* EXERCISE AIM: The answer should match the entries that follow exactly, except that no image appears in it.

[Saved data entries]
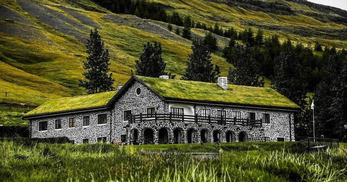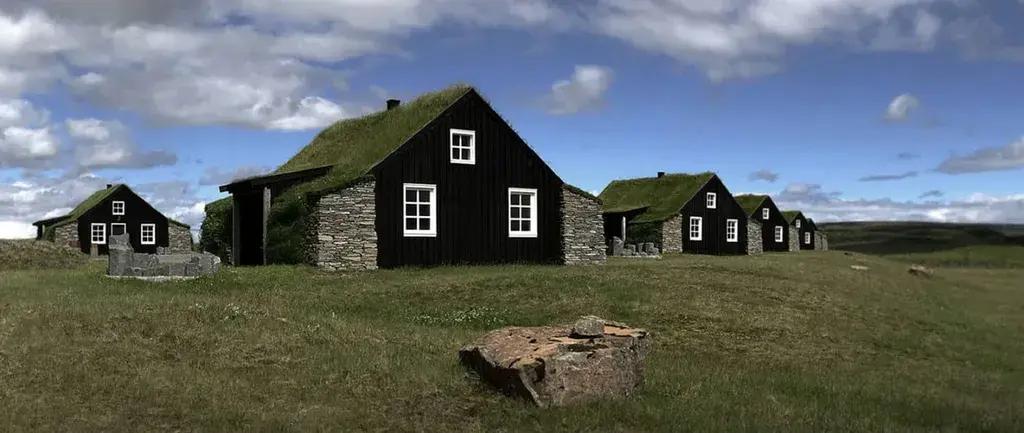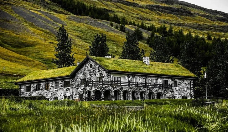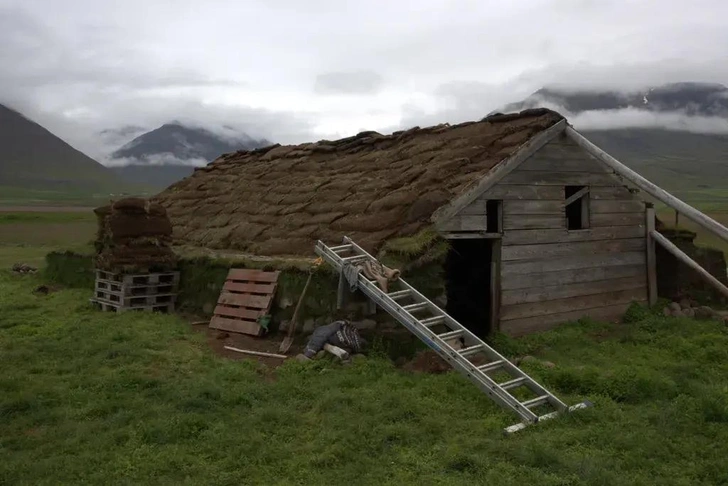 Дерновые дома в Исландии, или torfbæir, строили так: на каменный фундамент укладывали блоки дерна — плотные куски земли с корнями травы, вырезанные из болот. Между ними прокладывали плавник (дерево, выброшенное морем) — единственный доступный лесоматериал. Толстые стены удерживали тепло геотермальных источников, узкие окна минимизировали потери, а зеленая крыша работала как изолятор и камуфляж.
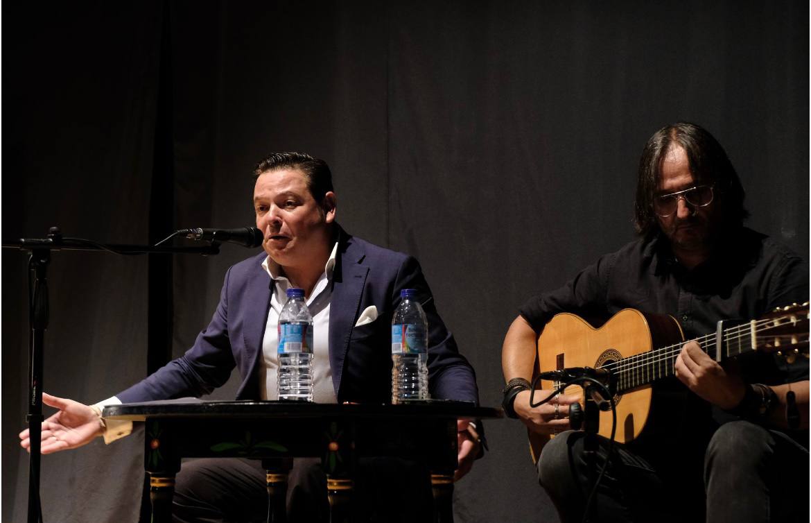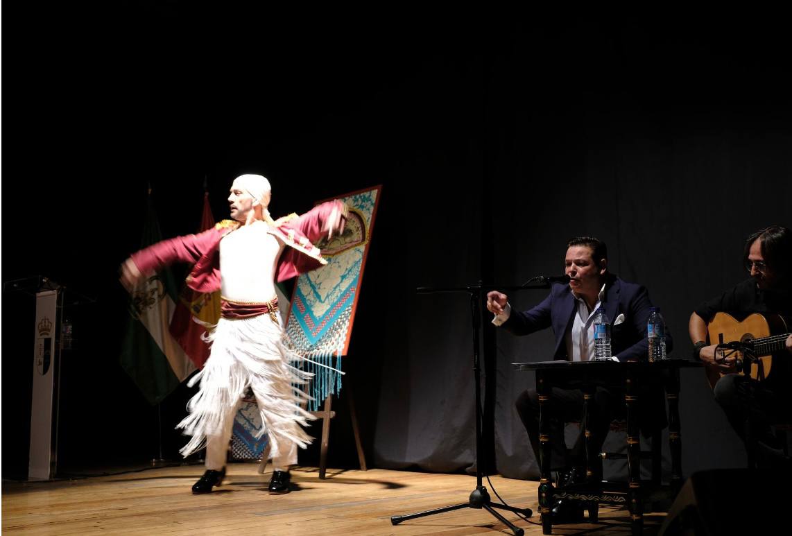 Si la magia del momento que sumaban la portentosa voz de Alejandrpo y el sublime rasgueo de la gitarra de Juan no era poca, un bailaor rompe en escena con pasos sordos que hizo sentir al respetable que bailaba en el aire, pasos de fuerza y decisión que marcaban el flamenco sentío que marca siempre en sus actuaciones José Luis Gallego. Tras esta entrada sonora, Martínez se dirigió al atril para recordar las ferias de antes, las de albero y vaso de vino de barro, incluso las de cuando era chico, esas ferias del pradillo y plaza de toros con albero, en la que la sus padres pasaban el día a día en el real, ayudando a su Hermandad del Rocío, trabajando como siempre han trabajado en esta Hermandad y como una gran familia.
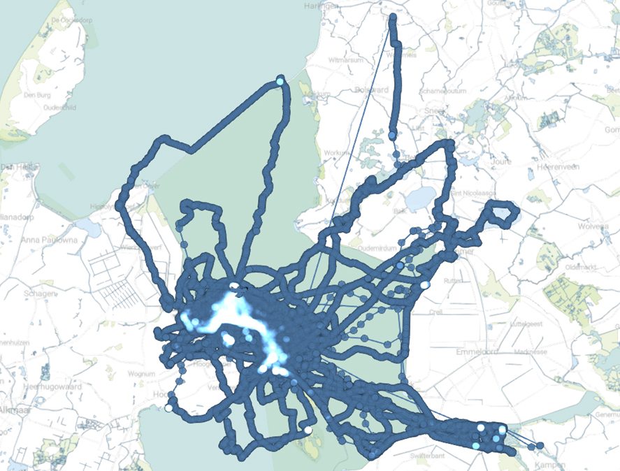 below: Caspian Gull cachinnans hybrid 0.33 (was XPNU), April 25 - July 07 2025. Picture: GPS logger plot Uva-BITS.
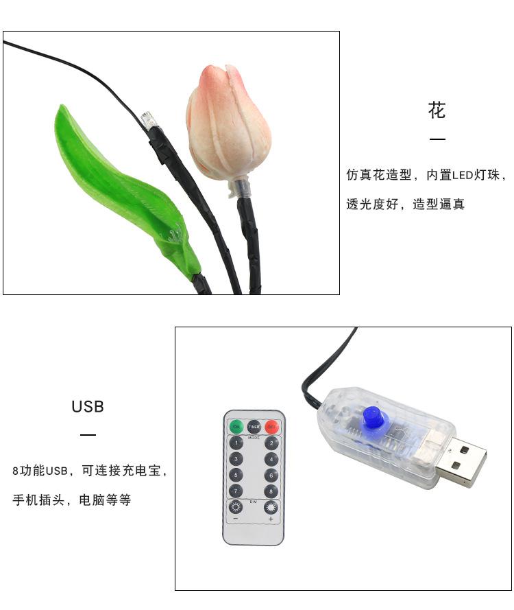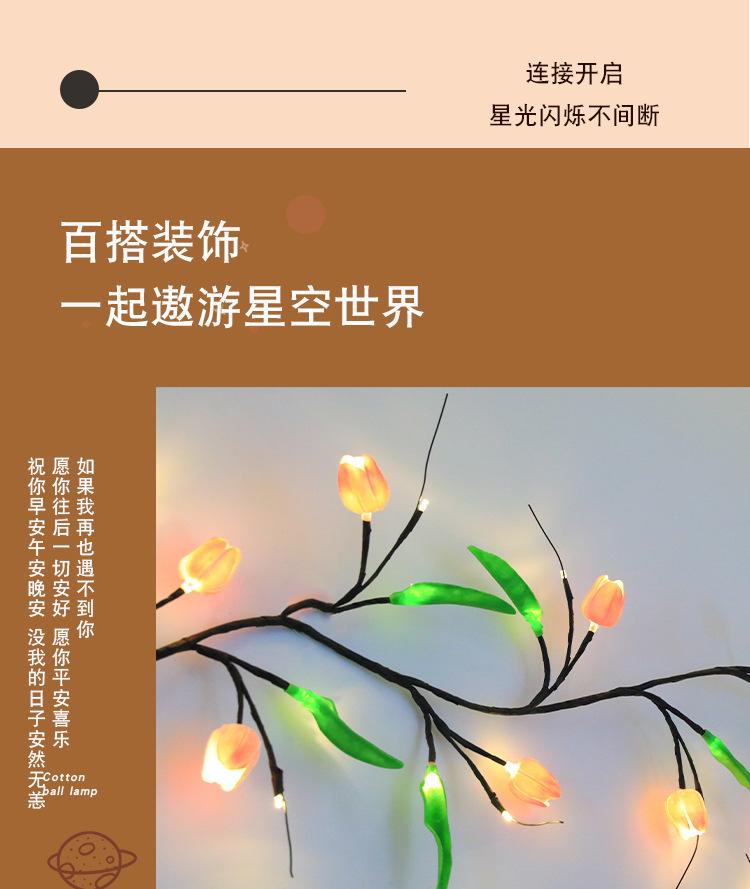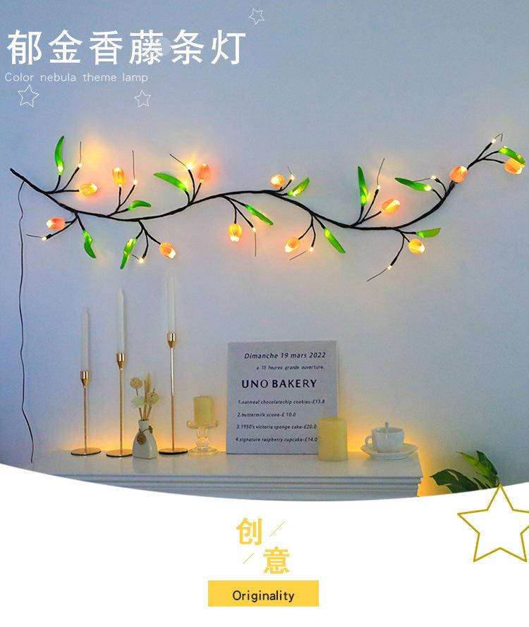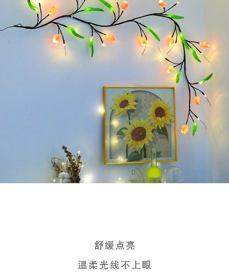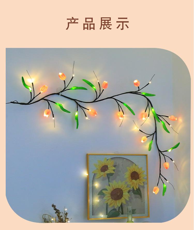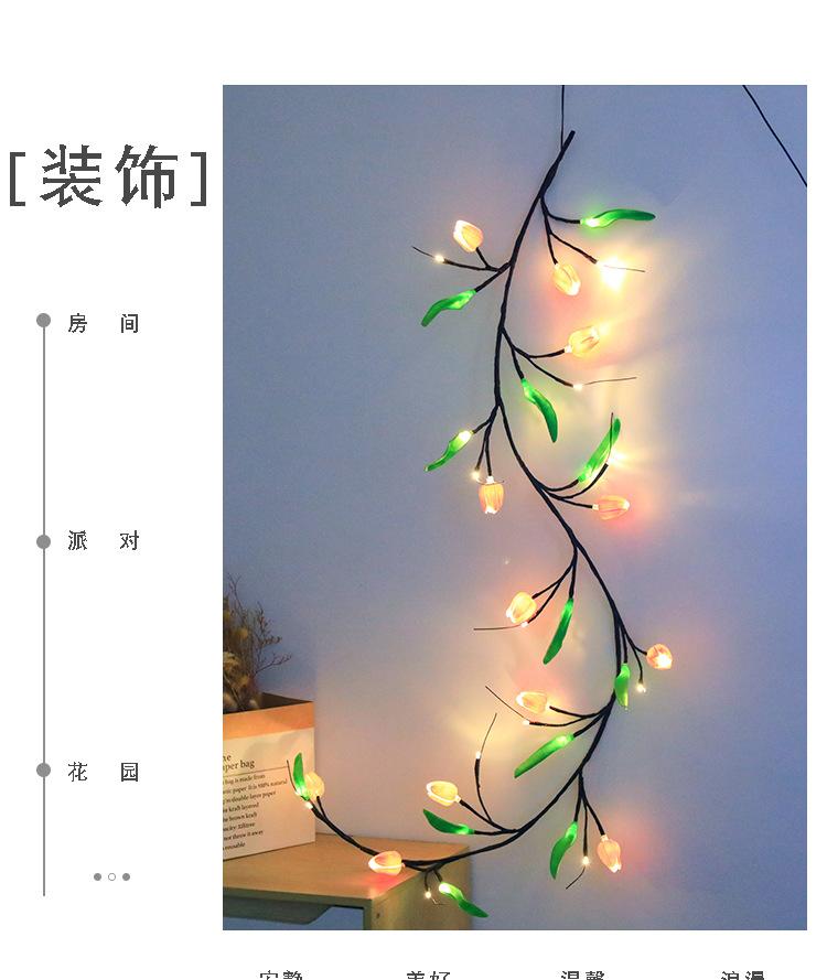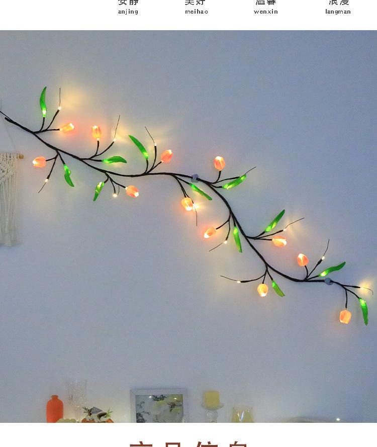 Linterna Luminosa de Regalo Transfronteriza Decoración Navideña de Ratan Árbol de Navidad Arreglo Decoración de Interior Lámpara de Rama Tulipán
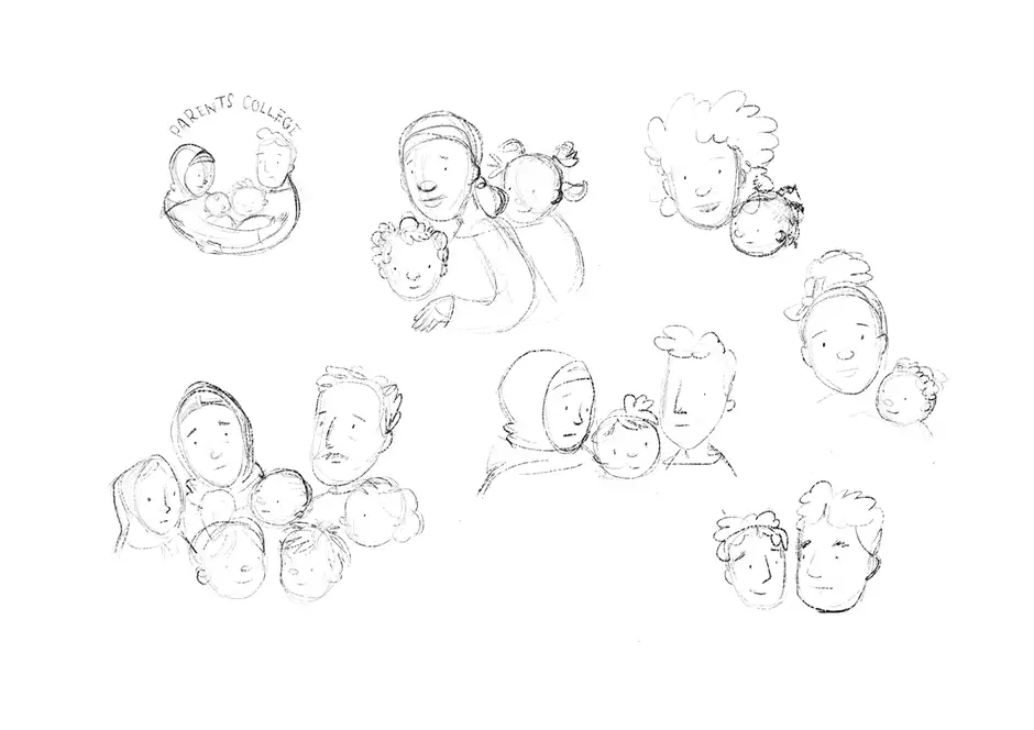 Manchmal gibt es so wunderschöne Projekte, die mich irgendwie finden, das hier ist so eins. Wegen meiner Zusammenarbeit mit Geborgen Wachsen erhielt ich 2021 diese wunderschöne Anfrage. Beim »Parent's College« geht es um Elternschulung in einem Traumaprojekt mit Geflüchteten. Natürlich spielt dabei die Sprachbarriere eine Rolle, weswegen viel mit Bildern gearbeitet wird. Ganz nebenbei ist auch noch ein Logo »abgefallen«, das ich sehr mag.

* ANSWER SECTION:
 Дерновые дома в Исландии, или torfbæir, строили так: на каменный фундамент укладывали блоки дерна — плотные куски земли с корнями травы, вырезанные из болот. Между ними прокладывали плавник (дерево, выброшенное морем) — единственный доступный лесоматериал. Толстые стены удерживали тепло геотермальных источников, узкие окна минимизировали потери, а зеленая крыша работала как изолятор и камуфляж.
 Si la magia del momento que sumaban la portentosa voz de Alejandrpo y el sublime rasgueo de la gitarra de Juan no era poca, un bailaor rompe en escena con pasos sordos que hizo sentir al respetable que bailaba en el aire, pasos de fuerza y decisión que marcaban el flamenco sentío que marca siempre en sus actuaciones José Luis Gallego. Tras esta entrada sonora, Martínez se dirigió al atril para recordar las ferias de antes, las de albero y vaso de vino de barro, incluso las de cuando era chico, esas ferias del pradillo y plaza de toros con albero, en la que la sus padres pasaban el día a día en el real, ayudando a su Hermandad del Rocío, trabajando como siempre han trabajado en esta Hermandad y como una gran familia.
 below: Caspian Gull cachinnans hybrid 0.33 (was XPNU), April 25 - July 07 2025. Picture: GPS logger plot Uva-BITS.
 Linterna Luminosa de Regalo Transfronteriza Decoración Navideña de Ratan Árbol de Navidad Arreglo Decoración de Interior Lámpara de Rama Tulipán
 Manchmal gibt es so wunderschöne Projekte, die mich irgendwie finden, das hier ist so eins. Wegen meiner Zusammenarbeit mit Geborgen Wachsen erhielt ich 2021 diese wunderschöne Anfrage. Beim »Parent's College« geht es um Elternschulung in einem Traumaprojekt mit Geflüchteten. Natürlich spielt dabei die Sprachbarriere eine Rolle, weswegen viel mit Bildern gearbeitet wird. Ganz nebenbei ist auch noch ein Logo »abgefallen«, das ich sehr mag.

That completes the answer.